Author: Various, edited by Shawna Kenney

Rating: 3 stars

I received this book from NetGalley in exchange for an honest review. 

You know how in my last review, I gave the book flak for focusing too much on sex? Yeah, well in this one I have to give it some flak for not focusing on sex enough. It is an erotica collection, after all, but some of the stories are so aggressively unsexy that I found myself bored and wondering why they were there.

I don’t generally read erotica collections, so I have no idea how to review them. But I try to keep an open mind about reading all kinds of fiction, and I figured a collection about people who are turned on by books and literature was tailor made to appeal to me. Worth a try, right?
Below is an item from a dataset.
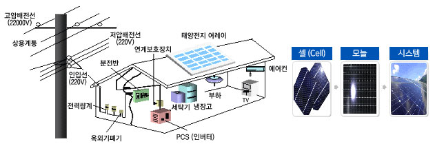 - 태양광 발전시스템은 태양전지(solar cell)로 구성된 모듈(module)과 축전지 및 전력변환 장치로 구성됨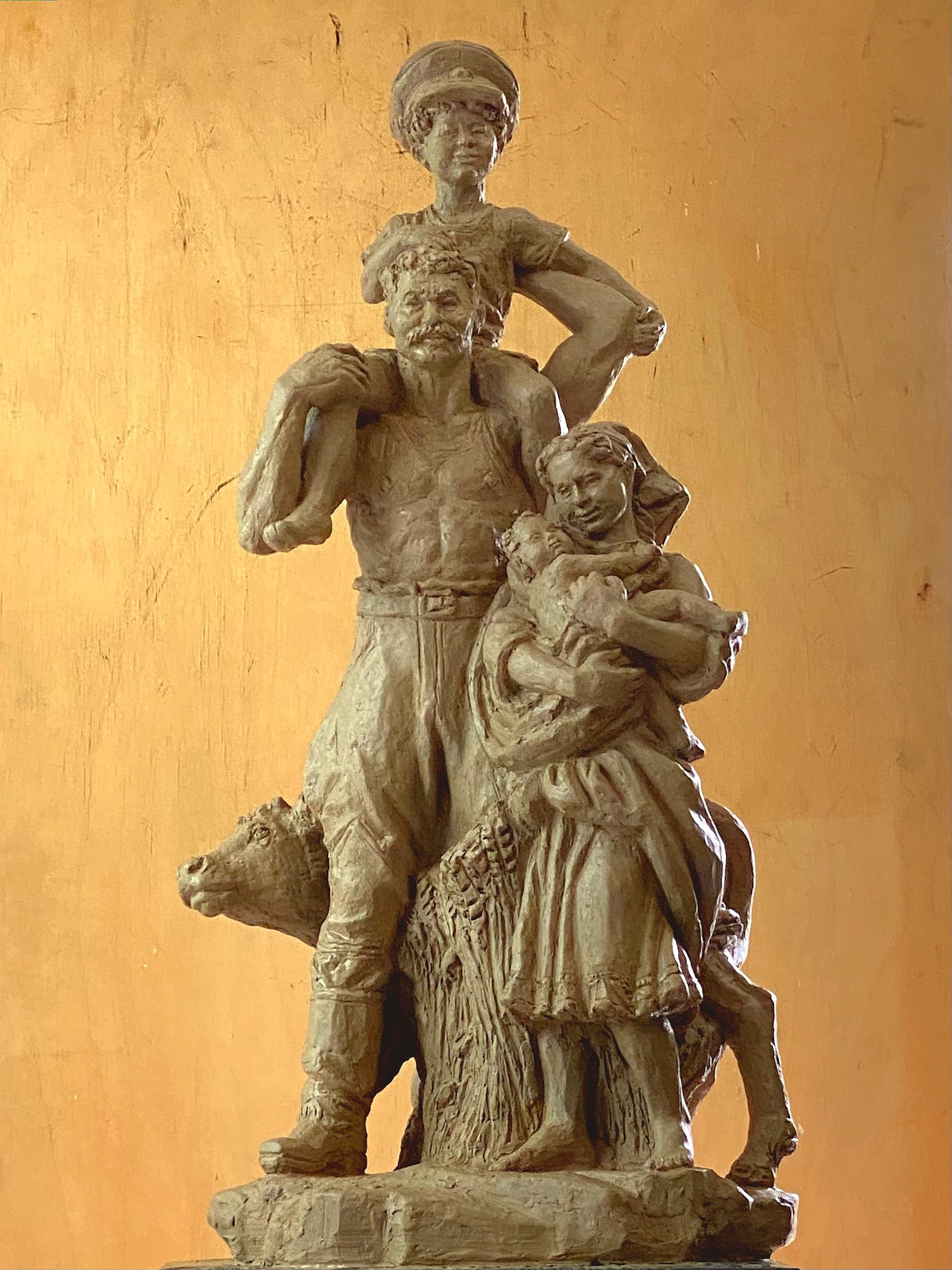 Скульптура называется : « Мирный 1946, первый год без войны » Советский офицер, воин-победитель вернулся с фронта в свою деревню к жене и маленькому сыну и началась мирная жизнь в трудах, наполненная радостями жизни и заботой о хлебе насущном, в надежде на светлое будущее без войны! Скульптура передает атмосферу счастья и надежды, подчеркивая важность семьи и дома для каждого человека, особенно после трудных испытаний и разлуки. Она напоминает о том, что, несмотря на все трудности, возвращение домой к любимым людям является величайшей наградой и источником силы.

Like most story collections, of any variety, Book Lovers is firmly middle of the road. The stories vary so much in quality and interest level that I can’t give it a very high review. But nothing is bad enough to knock it down to a negative review. So all that’s left is to give it a 3.

There are 23 stories in this collection. Some are purportedly nonfiction or more essay-like, and those were definitely the ones that I found the strangest. But when it came to the fiction, there were some good stories. They touch on a pretty wide range of sexual interests. Most involve strictly heterosexual relationships, but four (by my count, though there were a couple of stories where I lost interest before finishing) have same-sex relationships. Unfortunately, it’s a fairly white collection, though there are a few people of color. If you are the kind of person who judges potential partners on their bookshelves, collects books, or loves reading and literature more than most anything else, you will probably find something here that sparks your interest. You just might have to wade through a lot of other stories to find it.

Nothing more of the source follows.